Another issue is that our methodology is not always properly to the problems we want to solve, resulting in as Wittgenstein suggested of a clash of “experimental methods and conceptual confusion.” As has been pointed out to me before, if the most reliable of empirical evidence suggested beating children was the most effective way to get them to learn we would reject this finding as being both unpalatable and at odds with our values. Likewise if a progressively aligned academic found rote drilling to be more effective than discovery methods they would find it straightforward to dismiss the finding as being too narrowly defined or harmful in some other, less empirical way. This is something we all do. Any evidence, no matter how robust, has to align with our ideologies and values otherwise it is useless.

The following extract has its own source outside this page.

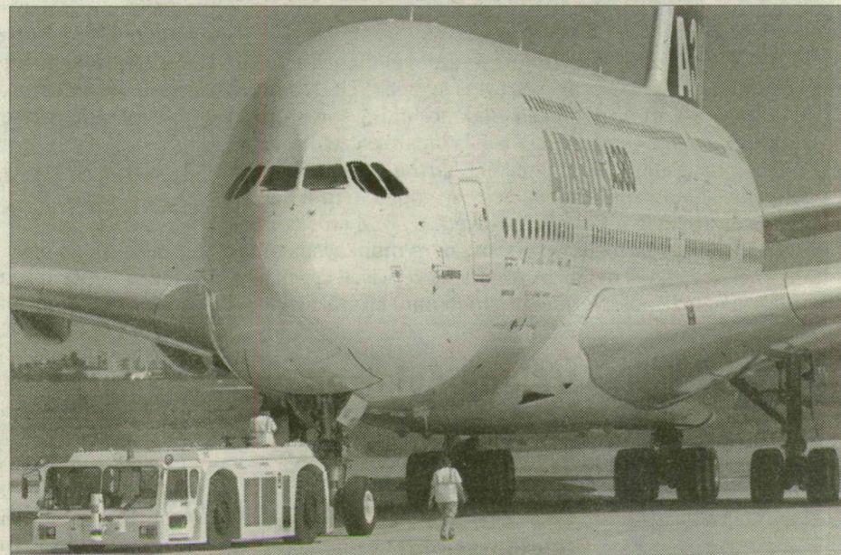
Parkolóhelyére gördül az Airbus A380-as gép a toulouse-i reptéren

A BAA, amely tavaly decemberben 1,3 milliárd fontért 75 százalékos mínusz egy részvény részesedést és 75 éves üzemeltetési jogot vásárolt a Ferihegyet működtető Budapest Airportban, a Heathrow kifutópályáit is újjaszfaltozta, va-

And that’s a third problem: empirical evidence in education isn’t empirical in the right way. As Wittgenstein observed, “The existence of the experimental method makes us think we have the means of solving the problems which trouble us; through problems and methods pass one another by.” Education research is founded on the proposition that it’s possible to establish causal links between discrete things, such as the link between Strategy X and pupils’ test results. But can it? That depends on the degree of conceptual confusion. Let’s say I want ed to conduct an experiment to determine how many students in Birmingham schools were under the age of 20. I do all kinds of data analysis and design as many questionnaires as I pleased, whatever I found would be banal as the causal connection I’m seeking to establish already exists as a conceptual connection. All I need to know is school education in Birmingham ends at age 19 to work out that the existence of 20-year-old students is a logical impossibility. This is an obviously stupid example, but it would appear this is exactly the mistake made in much education research, it’s just that the pre-existing conceptual connection is more subtle and  the findings are psuedoempirical. Egan offers this example of research study attempting to establish how we should to teach by using such principles as “To develop competence in an area of inquiry, students must a) have a deep foundational knowledge of factual knowledge, b) understand facts and ideas in the context of a conceptual framework, and c) organize knowledge in ways that facilitate retrieval and application”. He points out that a) b) and c) are definitions of ‘competence in an area of inquiry’. No amount of empirical research could ever demonstrate that these things are not connected!

Added to all this we have the research finding (O! The irony) that less that 1% of the education research that gets published are replication studies. (A replication study is one where researchers attempt replicate results with different test subjects.) Now, apparently the majority of replication studies in education (68%) manage to replicate the original findings, but when replication studies are conducted by completely different teams of researchers only 54% of studies are found to be replicable. A cynic might suggest that there’s a degree of vest interest at work here.

This might suggest that instead of relying so enthusiastically on evidence we could instead put a little more faith in reasoning and analysis. If I present a reasoned analysis of why I think Strategy X is likely to be effective with no supporting data, it’ll be dismissed as ‘mere speculation’. But my contention is this: I could conduct research on something that is analytically sound, and ensure it cannot fail but to produce favourable evidence. Yes, there will be all sorts of variation between different groups of students and their teachers, but where a teacher is enthusiastic, research will likely provide favourable finding. This seems obvious. If I can convince a teacher of the merits of Strategy X, they’ll work hard to get me the positive data I’m after with no connivance needed. Similarly, if they were sure I was a charlatan, there’s no way they’d use Strategy X unless they were forced and in that case the likelihood research finding would be positive is remote in the extreme.

Maybe, rather than being so quick to say, ‘the research shows…’ we might be better to formulate our thinking with ‘analysis has concluded…’? Of course we would still have to contend with just as much nonsense and dogma, but we’d waste a lot less cash!